The GMPE library in hazardlib and the calculators are designed to be extensible, so that it is easy to add a new GMPE class or a new calculator. We routinely add several new GMPEs per release; adding new calculators is less common and it requires more expertise, but it is possible and it has been done several times in the past. In particular it is often easier to add a specific calculator optimized for a given use case rather than complicating the current calculators.

The results of a computation are automatically saved in the datastore and can be exported in a portable format, such as CSV (or XML, for legacy reasons). You can assume that the datastore of version X of the engine will not work with version X + 1. On the contrary, the exported files will likely be same across different versions. It is important to export all of the outputs you are interested in before doing an upgrade, otherwise you would be forced to downgrade in order to be able to export the previous results.
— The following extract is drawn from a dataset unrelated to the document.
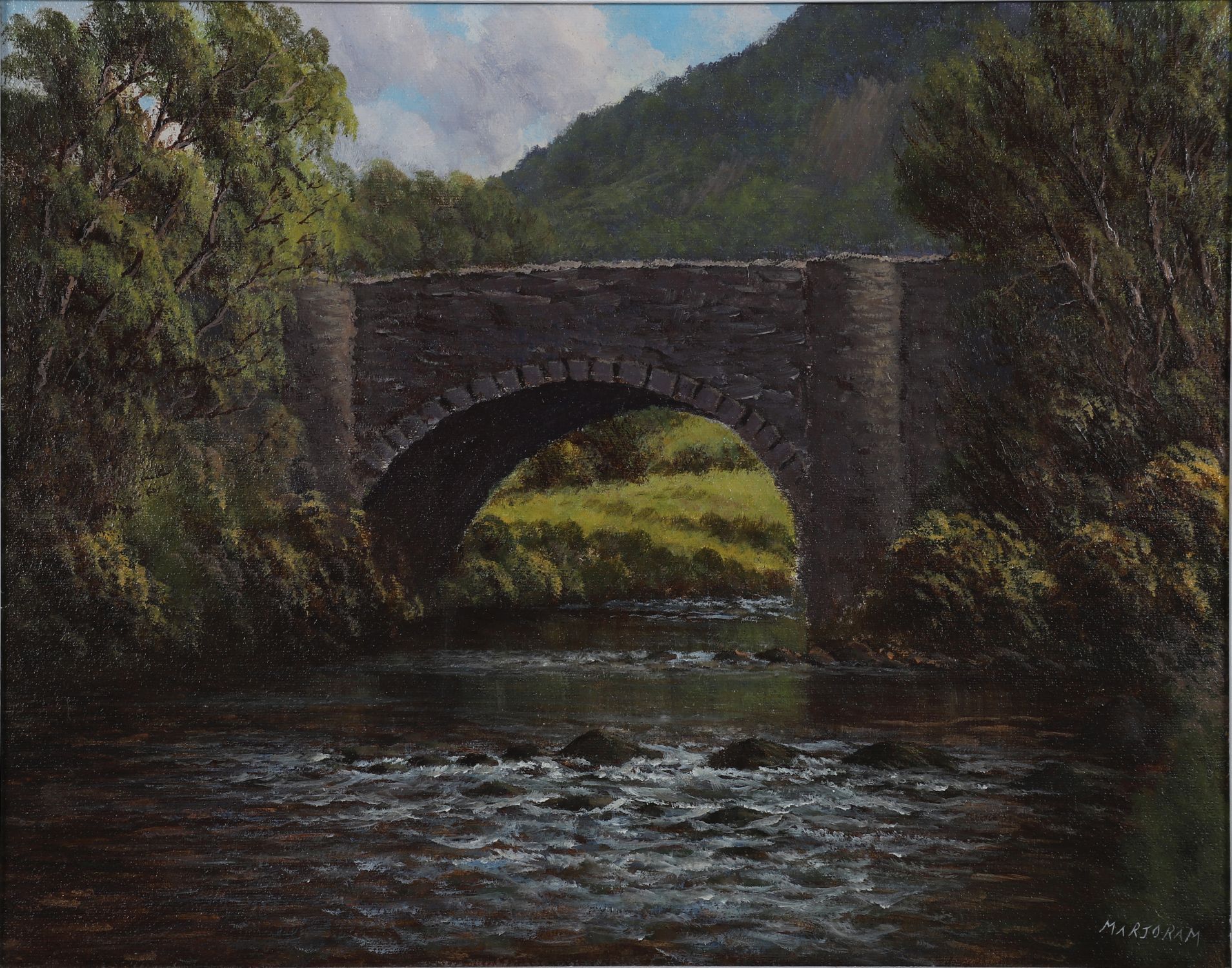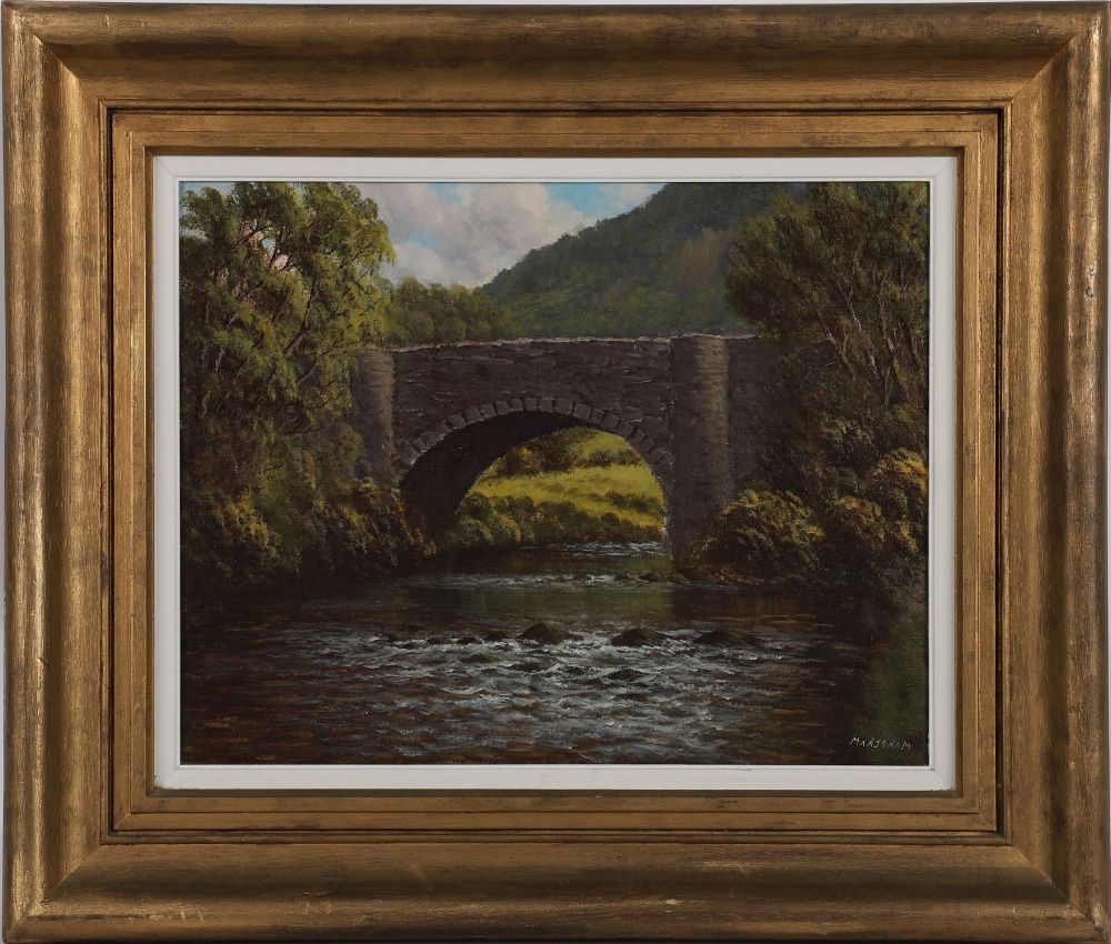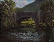 Description: A bright landscape with a stone bridge over flowing water, set against a backdrop of wooded hills. Signed lower right.

The WebUI provides a REST API that can be used in third party applications: for instance a QGIS plugin could download the maps generated by the engine via the WebUI and display them. There is lot of functionality in the API which is documented here: https://github.com/gem/oq-engine/blob/master/doc/web-api.md. It is possible to build your own user interface for the engine on top of it, since the API is stable and kept backward compatible.

Design principles

The main design principle has been simplicity: everything has to be as simple as possible (but not simplest). The goal has been to keep the engine simple enough that a single person can understand it, debug it, and extend it without tremendous effort. All the rest comes from simplicity: transparency, ability to inspect and debug, modularity, adaptability of the code, etc. Even efficiency: in the last three years most of the performance improvements came from free, just from removing complications. When a thing is simple it is easy to make it fast. The battle for simplicity is never ending, so there are still several things in the engine that are more complex than they should: we are working on that.

After simplicity the second design goal has been performance: the engine is a number crunching application after all, and we need to run massively parallel calculations taking days or weeks of runtime. Efficiency in terms of computation time and memory requirements is of paramount importance, since it makes the difference between being able to run a computation and being unable to do it. Being too slow to be usable should be considered as a bug.

The third requirement is reproducibility, which is the same as testability: it is essential to have a suite of tests checking that the calculators are providing the expected outputs against a set of predefined inputs. Currently we have thousands of tests which are run multiple times per day in our Continuous Integration environments r(avis, GitLab, Jenkins), split into unit tests, end-to-end tests and long running tests.